I can clearly see where this is going. I’ve seen it for years now. Can you?
Yes, I know that my own little system isn’t a pin for pin replacement for the grid connection you have to your house, condo, flat, or castle. I know you “can’t” and really wouldn’t build a whole grid like this. I know there are reliability needs that literally mean life or death, that must be satisfied. I know every human in a developed country is now conditioned to think that power can be supplied in any quantity with no more thought than it takes to flip a switch. I know that building a fully decarbonized energy system is going to take decades, and cost trillions, and require major changes to how consume energy and hence how they live. But if you don’t see that solar is going to play a major role in energy supply in a decarbonized future, I’m sorry- you either haven’t thought about it carefully enough or you’re delusional. Energy this cheap is just too good an opportunity to pass up.

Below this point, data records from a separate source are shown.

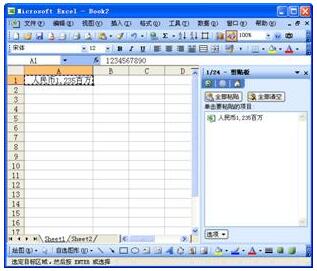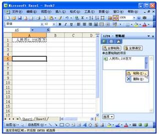 圖71-1 連續(xù)兩次按<Ctrl+C>會讓Office剪貼板出現(xiàn)選定目標(biāo)單元格或單元格區(qū)域,單擊Office剪貼板中剛才復(fù)制項目旁邊的下拉箭頭,在彈出的菜單中選擇“粘貼”命令,如圖71-2所示。這樣,原始區(qū)域的數(shù)據(jù)會被粘貼到目標(biāo)區(qū)域。
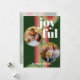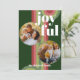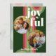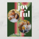 Contemporary classic Christmas holiday season greeting card with light and dark green, pink, and red coloured abstract pattern with crisp white JOYFUL wish text. With room to customize or personalize with two photos, a family name (or individual names) on the front, and a customizable season greeting message on the backside of the card.
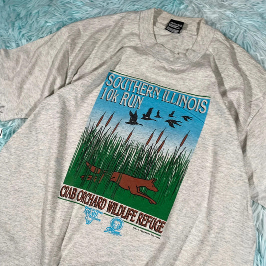 Vintage 90s Grey South Illinois Nature 10k Run Graphic T Shirt - Large

Disclaimer: this article was written by a human, about his own little experiments with solar power. If I’ve made a mistake, as humans are wont to do from time to time, correct me and I’ll be grateful.
If however you don’t like what you’ve read because I’ve threatened your own pet idea, then you can contact Spitfire Research Inc. who will be more than happy to tell you to piss off and write your own article.